I'm Still Alive

I’m Still Alive
Maisara Baroud’s murals by Mohammad Sabaaneh

18 April - 23 June 2024
Zawyeh Gallery, Ramallah
 

Zawyeh Gallery announces the opening of “I’m Still Alive,” an exhibition by the Gaza based artist Maisara Baroud, transferred onto the Gallery’s walls by Mohammad Sabaaneh, Fuad Alyamani, and other local artists. The exhibition opens in our Ramallah gallery on April 18 at 5pm and continues until June 23, 2024.

After losing his home and studio in Gaza City in October, Maisara Baroud began drawing his diaries under the devastating Israeli genocidal war.

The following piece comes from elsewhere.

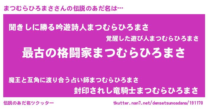 | 意味不明あだ名 | 『住所不定無職まつむらひろまさ(7歳)』 |
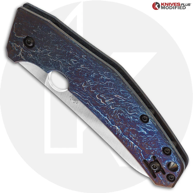 The MODIFIED illustrated Spyderco Knife is the Spyderco SpydieChef Knife, designed in collaboration with Marcin Slysz, that features a 3.32″ blade made of ultra corrosion resistant LC200N ball bearing steel, .118″ thick. The blade of this Spyderco knife has a flat grind and the Spyderco hole for ambidextrous one hand opening. The titanium handle WITH ADDED MAYHEM FINISH, 4.46″ closed, has open back constuction for easy cleaning, the sturdy R.I.L. (Reeve Integral Lock), and a lanyard hole. A side to side reversible wire clip is mounted at the butt end of this Spyderco Knife. The MODIFIED Spyderco SpydieChef Knife has an overall open length of 7.78″ and it weighs 3.8 ounces. Made in Taiwan.

He continues to draw as the war took to new levels, using whatever paper and pens he could find. He hasn’t ceased drawing since losing his “personal little world” to destruction, along with all his paintings, tools, books, and precious memories. Through this series of drawings, he documents displacement, brutal bombardment, the fear of loss, and the anxiety of protecting loved ones. Baroud says, “I draw to tell my friends that I am still alive.”

Baroud systematically shares his black-and-white diaries on his social media platforms, creating a continuous exhibition of documentation and protest. Due to the impossibility of exhibiting his works in other parts of Palestine, Zawyeh Gallery collaborates with Mohammad Sabaaneh and other artists to overcome this obstacle. Together, they transfer Baroud’s digital works onto the gallery’s walls, turning what seems impossible into a reality – an exhibition in Ramallah showcasing a Gazan artist’s diary six months into the ongoing genocidal war in Gaza.

Baroud and Sabaaneh collaborated on selecting the works and techniques for transferring the paintings onto the gallery’s walls. The exhibition will eventually see Baroud’s works wiped from the walls, highlighting the project’s impermanence and the transient nature of the war, hoping for an end to the occupation nightmare one day, as “no condition is permanent.”

The exhibition serves as a tribute to Baroud and Palestinians in Gaza, recognizing their harrowing experiences amid the ongoing war.